## WHAT THE EXERCISE ASKS
What you return should be the complete listing, unchanged, with no pictures in it.

## RAW DATA
━━━━━━━━━━━━━━━━━━━━
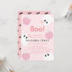 Esta tierna y jovial tarjeta de invitación para el cumpleaños de Halloween presenta un fondo rosa claro con chicas fantasmas con grandes cintas rosas y calabazas rosas. En el reverso se ven patrones de murciélago negro sobre fondo rosado. Perfecto para otoño / cumpleaños otoño para chicas! Personalízalo para tus necesidades. Puedes encontrar productos coincidentes en mi tienda.
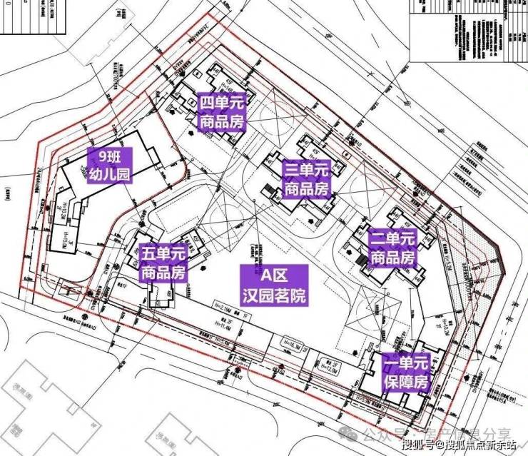 汉园茗苑分两个地块A区和B区,A区是由4栋高层住宅和1栋保障房组成,总1014户,其中保障房331户,可售商品房683套;一单元、五单元层数为46层,二三四单元层数为45层;一栋一单元为保障房;
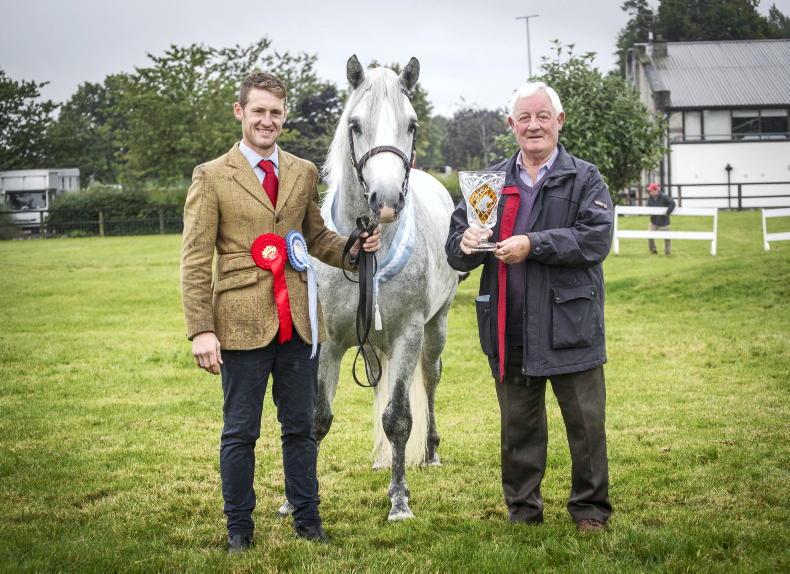 Alicia Devlin Byrne and Blackwood Fernando win the working Hunter Championship at the Midland Connemara Breeders' Show, pictured with judge Rosaleen Barry \ Rynes Walker
━━━━━━━━━━━━━━━━━━━━
## EXERCISE SOLUTION
 Esta tierna y jovial tarjeta de invitación para el cumpleaños de Halloween presenta un fondo rosa claro con chicas fantasmas con grandes cintas rosas y calabazas rosas. En el reverso se ven patrones de murciélago negro sobre fondo rosado. Perfecto para otoño / cumpleaños otoño para chicas! Personalízalo para tus necesidades. Puedes encontrar productos coincidentes en mi tienda.
 汉园茗苑分两个地块A区和B区,A区是由4栋高层住宅和1栋保障房组成,总1014户,其中保障房331户,可售商品房683套;一单元、五单元层数为46层,二三四单元层数为45层;一栋一单元为保障房;
 Alicia Devlin Byrne and Blackwood Fernando win the working Hunter Championship at the Midland Connemara Breeders' Show, pictured with judge Rosaleen Barry \ Rynes Walker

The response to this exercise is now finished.